As Bethan rolled up her sleeves and uncorked the bottle Rincewind took Twoflower to one side. When they were safely hidden behind a shrub he said, ‘He’s gone barmy.’

‘That’s Cohen the Barbarian you’re talking about!’ said Twoflower, genuinely shocked. ‘He is the greatest warrior that —’

‘Was,’ said Rincewind urgently. ‘All that stuff with the warrior priests and man-eating zombies was years ago. All he’s got now is memories and so many scars you could play noughts-and-crosses on him.’

‘He is rather more elderly than I imagined, yes,’ said Twoflower. He picked up a fragment of diamond.

‘So we ought to leave them and find our horses and move on,’ said Rincewind.

‘That’s a bit of a mean trick, isn’t it?’

‘They’ll be all right,’ said Rincewind heartily. ‘The point is, would you feel happy in the company of someone who would attack the Luggage with his bare hands?’

‘That is a point,’ said Twoflower.

‘They’ll probably be better off without us anyway.’

‘Are you sure?’

‘Positive,’ said Rincewind.

They found the horses wandering aimlessly in the scrub, breakfasted on badly-dried horse jerky, and set off in what Rincewind believed was the right direction. A few minutes later the Luggage emerged from the bushes and followed them.

The sun rose higher in the sky, but still failed to blot out the light of the star.

‘It’s got bigger overnight,’ said Twoflower. ‘Why isn’t anybody doing something?’

‘Such as what?’

Twoflower thought. ‘Couldn’t somebody tell Great A’Tuin to avoid it?’ he said. ‘Sort of go around it?’

‘That sort of thing has been tried before,’ said Rincewind. Wizards tried to tune in to Great A’Tuin’s mind.’

‘It didn’t work?’

‘Oh, it worked all right,’ said Rincewind. ‘Only . . .’

Only there had been certain unforeseen risks in reading a mind as great as the World Turtle’s, he explained. The wizards had trained up on tortoises and giant sea turtles first, to get the hang of the chelonian frame of mind, but although they knew that Great A’Tuin’s mind would be big they hadn’t realised that it would be slow.

‘There’s a bunch of wizards that have been reading it in shifts for thirty years,’ said Rincewind. ‘All they’ve found out is that Great A’Tuin is looking forward to something.’

‘What?’

‘Who knows?’

They rode in silence for a while through a rough country where huge limestone blocks lined the track. Eventually Twoflower said, ‘We ought to go back, you know.’

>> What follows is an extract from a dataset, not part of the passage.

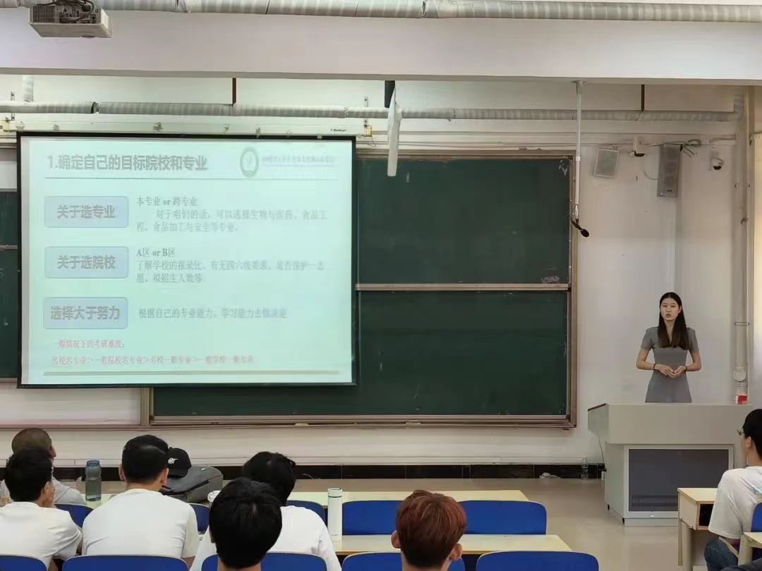 在以“考研”为主题的部分,邀请到了成功上岸天津科技大学的张孟熙和成功上岸浙江海洋大学的薄纯鑫担任主讲人。他们都以自己的实际经历为例,分享了自己的考研历程和心得体会。同时,他们还从复习方法,时间管理,心态调整等方面进行了深入浅出的讲解,为同学们提供了宝贵的建议与指导。

‘Look, we’ll reach the Smarl tomorrow,’ said Rincewind. ‘Nothing will happen to them out here, I don’t see why —’

He was talking to himself. Twoflower had wheeled his horse and was trotting back, demonstrating all the horsemanship of a sack of potatoes.

Rincewind looked down. The Luggage regarded him owlishly.

‘What are you looking at?’ said the wizard. ‘He can go back if he wants, why should I bother?’

The Luggage said nothing.

‘Look, he’s not my responsibility,’ said Rincewind. let’s be absolutely clear about that.’

The Luggage said nothing, but louder this time.

‘Go on – follow him. You’re nothing to do with me.’

The Luggage retracted its little legs and settled down on the track.

‘Well, I’m going,’ said Rincewind. ‘I mean it,’ he added.

He turned the horse’s head back towards the new horizon, and glanced down. The Luggage sat there.

‘It’s no good trying to appeal to my better nature. You can stay there all day for all I care. I’m just going to ride off, okay?’